This does not seem like an elegant solution and I’m wondering why the virtual_device is not part of the Function() python interface. Would that be an appropriate solution?

@mbs-octoml @electriclilies

Hi Rafael, virtual device handling is unfortunately in a halfway-implemented state, and it’s been on my backlog for a while to wrap that up. Sorry about that! I’m hoping I can work on it in a few weeks as a break between other tasks.

There’s a few things to be done:

  • Populate the virtual_device field on every expression node, and remove the use of ‘on_device’ annotations to record device information.
  • As you are noticing, propagate virtual_device info through the passes by migrating to WithFields (which should have the happy side effect of also propagating spans and other generic information.)
  • Update the existing passes that need to understand virtual devices.

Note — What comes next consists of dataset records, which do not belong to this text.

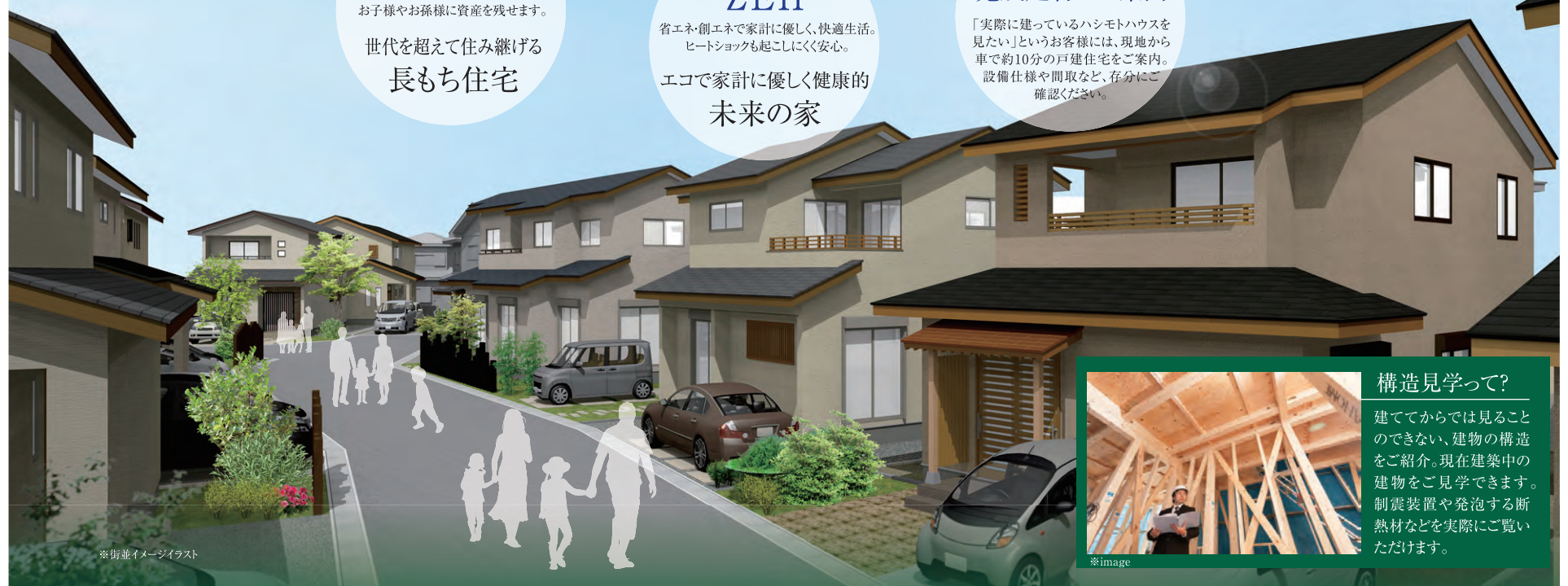
※街並イメージイラスト
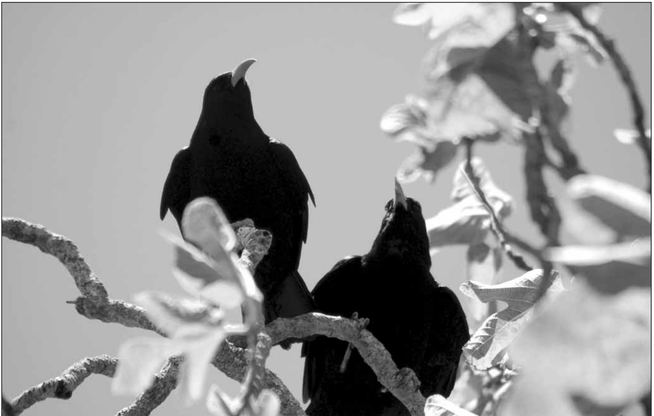
Foto 3. Las chovas en La Palma con frecuencia acceden a los árboles (en este caso una higuera) en busca de frutos que forman una parte importante de sus dieta.

Photography 3. Red-billed choughs in La Palma often perch on trees (a fig tree in this case) to feed upon fruits that constitute an important part of their diets.
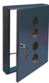
Entnahmetür in RAL-Farbe 7016 mit Sichtfenster

Die Entnahmetür ist in zwei Varianten lieferbar: Wählen Sie die preiswerte Variante aus verzinktem Stahlblech oder die zusätzlich in RAL-Farbe pulverbeschichtete Ausführung.
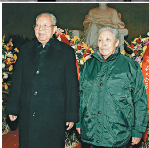
▲ 2003年12月26日，華國鋒和夫人到北京毛主席紀念堂紀念毛澤東誕辰110周年（中新社）
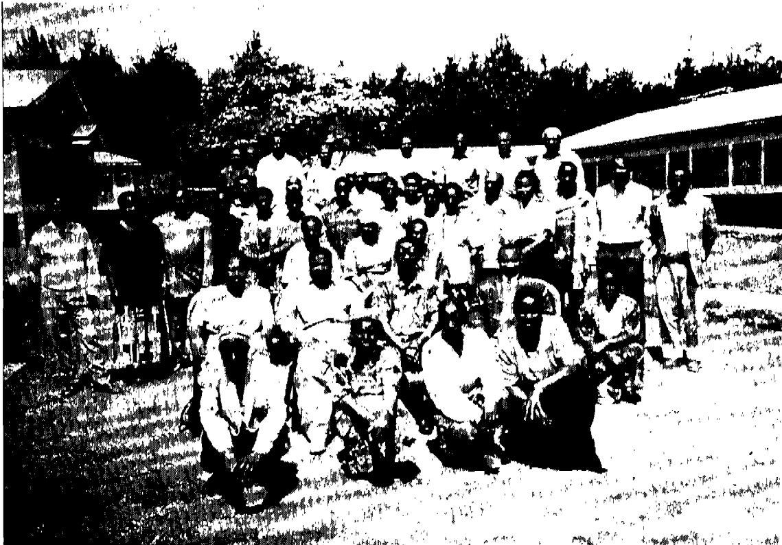
Picha ya pamoja inayoonesha washiriki wa Warsha ya Kuimarisha Uhusiano Baina ya Wakulima, Watafiti na Washauri wa Wakulima, Kanda ya Nyanda za Juu Kusini Iliyofanyika Katika Kituo cha Nazareti, Njombe 13 - 15 Novemba 2000.
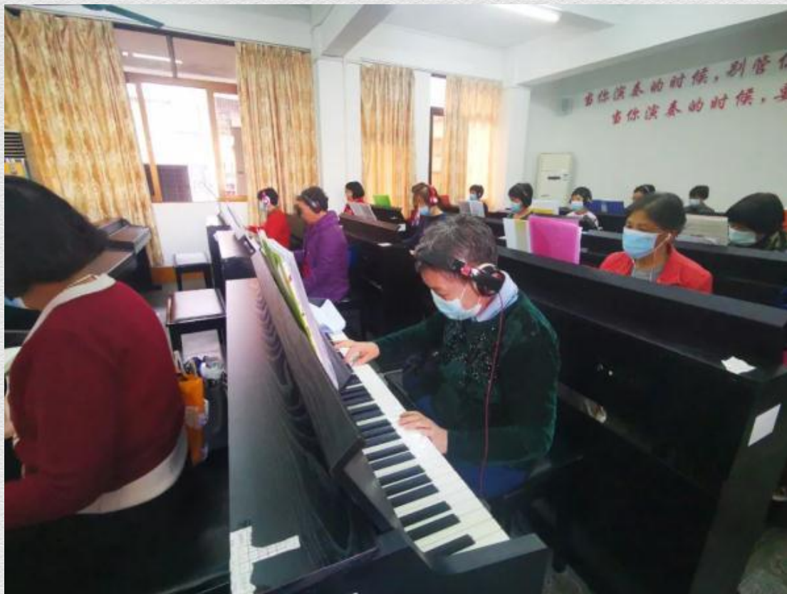
江门新会区老干部大学的学员在上钢琴课 田建川

“老年大学具有很强的公益性，不能靠收学费赚钱，实际上每学期每人也就一两百块钱。那场地、办公、硬件、师资的费用从哪里来？”广东一地级市开放大学负责人说，师资直接影响教学水平高低，现在一节课能开出的课酬仅100多元。由于课酬低，授课教师很难请，水平高的更不愿意来。

However I think consensus is this is better done in Relax, so another possibility is to backtrack.

Hi Mark, thank you for clarifying.

If I’m not interested in using the virtual_device feature, is there a way to disable it? The issue is that without the patch above, it is not possible to use any pass that is based on the ExprMutator in Python, because the TE Compiler complains with the above assert. If it cannot be disabled, I’d be interested to contribute a patch that fixes the issue.

Actually the first line of the patch is not required in my case, so the only missing copy for my use-case is in the Python ExprMutator. The WithFields construct does not seem to be available in Python and copying the virtual_device_ property with func.virtual_device_ = fn.virtual_device_ (like here: https://github.com/apache/tvm/blob/553eb1acd0c115adea0c7d04ce36e26332339769/tests/python/relay/test_pass_fold_constant.py#L102) produces the same assert. Changing the Function() API would probably touch a ton of code, so I’d like to avoid that. If I can figure out a way to solve the circular import, would the above patch be fine?

Yes, I’d very much support a patch to get you going again. I’m confused as to why just setting the virtual_device_ in the visitor directly does not work, so option a is you send me a unit test and I dig into that. Option b is your patch, however since you’ve needed to bounce back to c++ perhaps just register the function WithFields and use that instead of the Function ctor in visit_function (as we do on the c++ side).

I’ll confess it is only now that I realize we have copying in the python mutators which should have been reworked in parallel with the c++ mutators. Oops.